When Ghana decided to permit multiple schools to run LL.B. programs, some thought should have been given at that time to the fact that there would not be enough space at the law school for all those graduates. This lack of foresight and planning is what has created the current headache for the General Legal Council (GLC) which is responsible for legal education and admission to the bar in Ghana. We now have, I read, 3000 students intending to enroll in a school which can only accommodate 500. Instead of thinking much more broadly about a comprehensive solution, the GLC went for the facile one of an entrance examination and an interview without much thought or care about the future of those thousands of LL.B. graduates who are not able to make it to the law school and become lawyers. When this approach was declared unconstitutional, the GLC again, thinking narrowly, dug in its heels, refusing to look at the broader picture and rather introduced a Legislative Instrument (LI) in Parliament to give imprimatur to the previous illegality. Here again, I would join others to call for the withdrawal of the LI or its defeat by Parliament so that the GLC can now sit down with stakeholders and broadly consider and resolve the current issues dealing with legal education in Ghana.

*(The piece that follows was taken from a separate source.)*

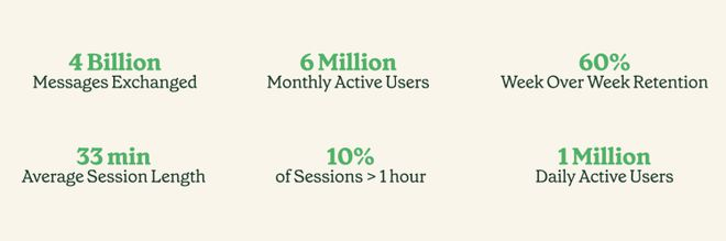 升级后的Pi也在个性化和同理心上做了进一步微调,深受社区欢迎。根据官方数据,目前已经有100万日活跃用户和600万月活跃用户与Pi交换了超过40亿条信息。并且有点牛的是,人们与Pi每天对话的平均持续时间竟达到33分钟之久,十分之一的对话每天持续时长超过1小时。用户粘性上也足以吊打竞争对手,约60%的人在任何一周与Pi交谈后,会在下一周返回。

One solution to the current imbroglio, which has been suggested by others, including Professor Kwaku Asare is to have the schools running the LLB programs also run the professional law course with the curriculum determined by the GLC. The GLC will then have two options. If it is satisfied with the quality of the programs and the competency of the graduates, it can admit them to the bar based on passage of their individual law school examinations. The other option for the GLC is to conduct its own bar examination for all the LL.B. and Professional Law Course graduates in order to ensure competency. There are many issues raised by this proposal, the most serious being that of the institutional capacity of the law schools to add the professional law course to their curricula and the availability of competent lecturers to teach those additional courses. These are however, matters that call for a national discussion by all those interested in the future of legal education in Ghana.

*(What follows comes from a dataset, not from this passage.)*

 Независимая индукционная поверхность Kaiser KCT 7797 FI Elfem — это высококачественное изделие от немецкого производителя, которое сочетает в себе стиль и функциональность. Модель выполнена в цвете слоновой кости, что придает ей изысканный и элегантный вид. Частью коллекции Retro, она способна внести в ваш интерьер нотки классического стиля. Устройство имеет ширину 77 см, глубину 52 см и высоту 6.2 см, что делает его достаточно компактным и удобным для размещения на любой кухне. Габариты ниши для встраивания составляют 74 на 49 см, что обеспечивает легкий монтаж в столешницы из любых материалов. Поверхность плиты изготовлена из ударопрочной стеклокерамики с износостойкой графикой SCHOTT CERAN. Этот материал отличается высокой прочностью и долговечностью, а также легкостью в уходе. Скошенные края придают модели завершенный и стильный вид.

The current difficulties of the GLC is a result of resistance to change, inability to manage criticism and too much love for the status quo. When the issue of lawyer advertising came up, many voices were raised pointing to changes in many countries allowing lawyers to advertise, including the UK, from which we copied the prohibition on lawyer advertising. Many also pointed out the breach of this disciplinary rule by some of the very lawyers sitting on the disciplinary committee, who had websites. Instead of using this opportunity to listen broadly to those commenting on this issue, invite suggestions and take a new look at the concept of advertising (or “touting” as they call it), the GLC, in a rearguard action, merely amended the disciplinary rules to allow for attorney websites. This is incongruous, since having a website is the widest advertising an attorney can engage in. Some could interpret this as a thinly veiled attempt to shield certain individuals from criticism, and to retroactively legalize prior breaches by some, of the advertising rules.

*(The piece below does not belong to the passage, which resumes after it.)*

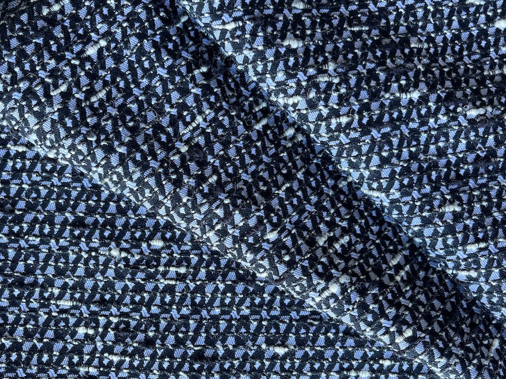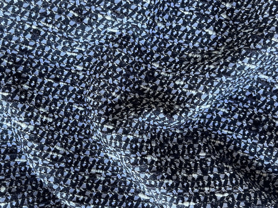 A light-weight tweed bouclé in cool shades of periwinkled lavender, pale ivory, and black - this loosely woven bouclé with intricate ribbon-work is perfect for a French, couture-style jacket, light-weight coat, or sheath dress. Made in Italy. 70% polyester, 15% wool, and 15% acrylic blend. 54" wide.

And talking of resistance to change, telling a Ghanaian lawyer to lose his wig, bib and gown is to invite a fight. The United States, as a sign of its independence from Britain decided to do away with these accoutrements for their lawyers. Even in the UK, as of July 13, 2017, lawyers and judges broke with centuries-old tradition and ceased wearing white horse-hair wigs in non-criminal cases. They also dispensed with wing collars and bands. These same suggestions have met with fierce resistance from the bench and bar in Ghana. My hero in this regard is the eminent lawyer Kobina Sekyi, who was called to the bar of the Inner Temple in 1918. He defiantly wore his kente cloth to court in the 1920s to make a statement. He had nothing but contempt for those of his compatriots who pathetically showed that they could not live without the dressing and habits they had picked up from the West. He was a true Africanist to the core. I hope for that day when we will take our independence seriously and stop being more British than the British themselves.